LAPTI research interests.

The sea gets deeper as you go further into it.

Venetian proverb according to Nassim Taleb

Чем дальше в лес тем больше дров.

parallel Russian proverb

The main theme of our research is the understanding of how genetic information is decoded from DNA into RNA and proteins. Someone may find this topic a little strange and argue that we already know how this is happening. Indeed, it is probably common knowledge (at least among sufficiently curious individuals) that RNA molecules are synthesized from their DNA templates according to the rules of complementarity between nucleotides (A <-> T(U) and G <-> C) while proteins are synthesized according to the genetic code, in which triplets of nucleotides specify amino acids in synthesized proteins.

However, Life, with its aptitude for exploration of the possible to find advantageous, does not tend to be limited by very strict laws. Researchers have documented a significant number of specific alterations (many would prefer the word extension) of the above rules. In most cases such alterations of standard rules are known to serve important biological functions. At present LAPTI research is mainly focused on two categories of such "non-standard" events, translational recoding and RNA editing.

Translational recoding.

In brief, translational recoding can be defined as functional utilization of non-standard translation events. The two major types of recoding are programmed ribosomal frameshifting and codon redefinition. Ribosomal frameshifting is a process in which ribosomes change translation phases at specific locations, consequently producing protein products encoded by multiple open reading frames. Codon redefinition is a process in which standard meaning of a specific codon is redefined at certain locations within mRNA. Recoding events have been observed virtually in all organisms, though the number of genes that are known to utilize recoding is very small relative to the total.
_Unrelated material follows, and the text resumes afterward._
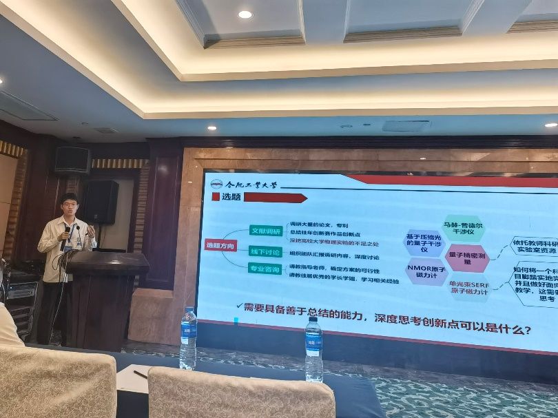 sunbet实验物理教学系主任张霆教授,结合sunbet组织竞赛的具体细节,做了题为《sunbet官方网站全国老员工物理实验竞赛动员、组织及发展心得体会》的报告,让与会师生更深入了解一些组织竞赛工作具体细节。2023年一等奖“与光同行队”队长sunbet方桥桥同学,从选题、团队组成、时间规划和成果展示等角度做了题为《创新赛自选类赛题备战历程及心得体会——以三轴矢量原子磁力计为例》的报告,重点与大家分享备赛参赛全过程心得体会。

In LAPTI we develop algorithms and computer programs for identification, analysis and annotation of those genes that utilize recoding. To understand how recoding works, we compare sequences of these genes and disseminate the sequence features associated with recoding and test these associations experimentally. LAPTI also maintains the Recode database, a public Internet resource dedicated to the genes in which recoding events occur.

RNA editing.

RNA editing can be broadly defined as a process in which a sequence of an RNA molecule is modified, so that small discrepancies are introduced relative to its DNA template. There is a large number of mechanisms responsible for such modifications. They vary from relatively straight-forward hydrolitic deamination of nucleotide bases resulting in adenosine-to-inosine or cytidine-to-uridine conversions or mechanistically simple heterogeneous transcription of nucleotide repeats (aka transcriptional slippage or stuttering) to more sophisticated modifications of RNA nucleotides guided by specific small RNA molecules and catalyzed by specialized enzymes.

Similarly to translational recoding, RNA editing events have been found in all types of organisms and they are utilized for a variety of functional purposes. LAPTI is working on the development of algorithms that identify and predict RNA editing cases and validation of these prediction using massively parallel sequencing.

Evolution of the genetic code and translation.

Since the decipherment of the nearly-universal genetic code, researchers have struggled trying to explain how the genetic code has originated. The trouble is that the protein biosynthesis requires accurate discrimination between triplets in nucleic acids (codons) that encode amino acid residues. But this process requires elaborate protein machinery. In other word, genetic decoding and proteins are mutually dependent: proteins are required to produce proteins.

In a search for plausible explanations for the origin of the genetic code, we hypothesized that the initial decoding in RNA World involved longer-than-triplet interactions. The stability of such interactions would be sufficient for their accurate discrimination without assistance of protein factors, see Baranov et al. 2009. Then, such interactions would evolve towards shorter triplet interactions in parallel with the evolution of the decoding apparatus. In LAPTI we perform in silico simulations to model this process in order to investigate whether transitions between codon sizes are possible in a continues manner, without impairment of the accuracy of the protein biosynthesis. Recent work on engineering quadruplet decoding ribosomes (Neumann et al. 2010) holds a promise to a possibility of testing our hypothesis experimentally in the future.